› Por Sandra Russo
Esta semana se cumplió un año de la desaparición de Julio López, y aunque los diarios reseñaron el aniversario del secuestro, y la televisión y la radio amplificaron la noticia, el caso López es un ejemplo de cómo los medios no siempre imponen la agenda de la sociedad, esto es, para aquellos que nunca cursaron Comunicación, los temas circulantes entre la gente: la gente habla de lo que hablan los medios. Pues bien, nadie habló de Julio López. Nadie habla de Julio López. Entre los casos resonantes que atraen y capturan la atención de la opinión pública, no podría incluirse el caso López. Es un desaparecido en democracia también desaparecido de la conciencia colectiva.
Se dice por ahí que el recuerdo es siempre el recuerdo de un recuerdo. Que la memoria actúa no sólo como reactivadora del pasado, sino que la evocación de un suceso se replica en el próximo recuerdo, con sus pequeñas desviaciones y sus agregados y sus recortes, y finalmente del hecho original queda poco, pero es eso la memoria: siempre reactualiza nuestros sentimientos, porque esas desviaciones y esos recortes se van adaptando a los que vamos siendo; es la estrategia de la memoria contra el olvido. El olvido corta lazos. La memoria los reconstruye.
No es de ahora, que se cumple un año. Desde hace mucho me pregunto, y escribí un par de notas al respecto, por qué el caso López escandalizaba tan poco. Por qué parecía haber una costra entre la sensibilidad de un/a argentino/a común y corriente, y el hecho de que haya desaparecido un testigo clave en un juicio cuyo acusado fue luego condenado a prisión perpetua por genocidio. La gente no quiere oír hablar de genocidio. La gente está harta. Vaya gente. La gente antes no se enteraba de nada. Un patrullero estacionaba en la cuadra, se escuchaban tiros, desaparecía un vecino, y nadie sabía lo que pasaba. Ok. Después la gente, cuando vino el juicio a las Juntas y se leyó el Nunca Más, lo hizo best seller. Allí se detallaba cómo, por ejemplo, se picaneaba a mujeres embarazadas delante de sus maridos, o se violaba por el ano a las prisioneras con la culata de un revólver. Y los tiraban al mar. Dios mío, decía la gente. Los tiraban vivos al mar. Y especialmente tiraban al mar a las mujeres que habían parido en los campos clandestinos. Las tiraban al río y se apropiaban de sus bebés. La gente no podía creer lo que había pasado en este país. Dios mío, repetían las señoras allá por el ’85, cuando la Justicia estaba todavía muy lejos, pero los hechos estaban claros. La gente no podía no decir Dios mío, porque no existía ningún discurso circulante para defender un exterminio como el que se había llevado a cabo. Lo clandestino de los asesinatos refrendó el pacto de silencio entre el poder y la gente. Y por gente, que ya va siendo hora de definir la palabra, entiendo en esta nota a todos aquellos y aquellas que carecen del mínimo sentido crítico de la realidad, y políticamente son el rociador de ideología favorito de todos: izquierda y derecha quieren germinar ahí, en lo que cualquiera entiende, en lo que cualquiera cree, porque ése es el único camino hacia la Meca. Pero cuando la Meca estuvo en manos de asesinos, la gente no se dio cuenta.
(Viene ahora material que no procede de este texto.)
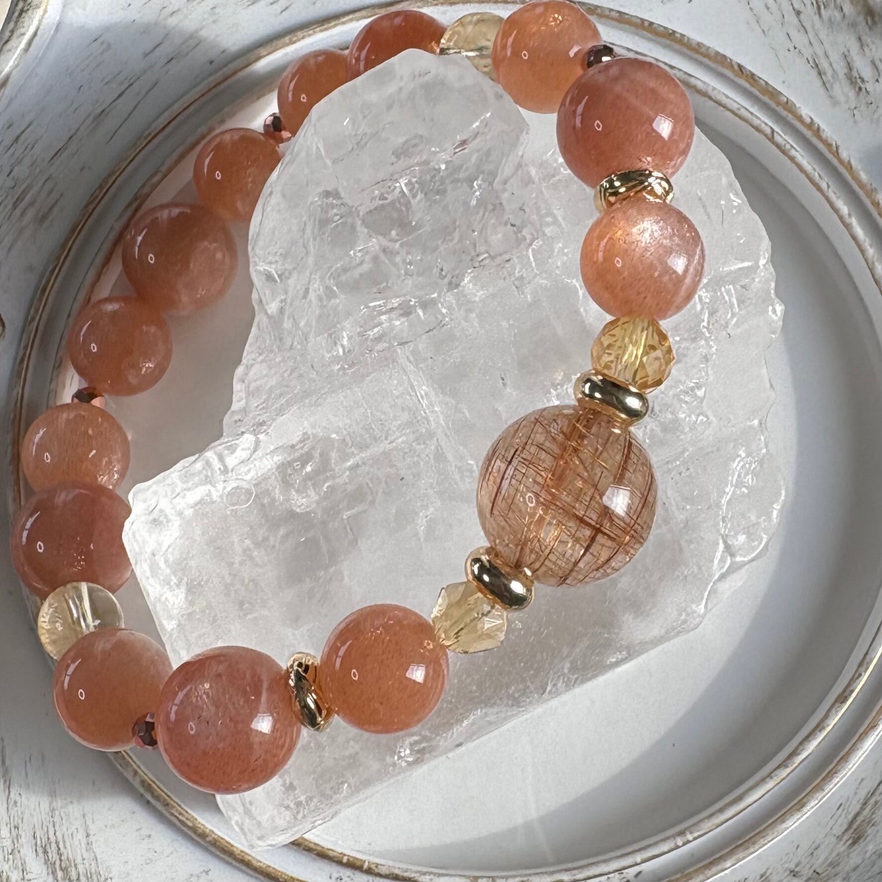 ブロンズルチル×サンムーンストーン×シトリンのデザインブレスレット

Después no hubo más gente y hubo ciudadanos. Eran los flamantes habitantes de un país democrático, que se proponía, como una quinceañera, tener un vestido de tul rosa para su fiesta, y poco después se desilusionó, porque la fiesta era en un pelotero y el vestido era alquilado.
Cuando se fueron los ciudadanos vinieron los clientes y los usuarios. Esos consumían a lo loco. Deliveries, viajes, plasmas en cuotas, heladeras que babean hielo, home theatres, pochoclo. Ellos mismos, con cada dólar que gastaban, estaban definiendo la suerte de muchos otros, algunos de los cuales después los asaltarían, y así son las cosas, amigos, circulares.
Tengo la sensación de que ha vuelto la gente. La gente que no cree que la desaparición de Julio López la involucre. Después de todo, ese albañil estuvo preso. Por algo la gente, cuando se puede dar un gusto, lee Gente.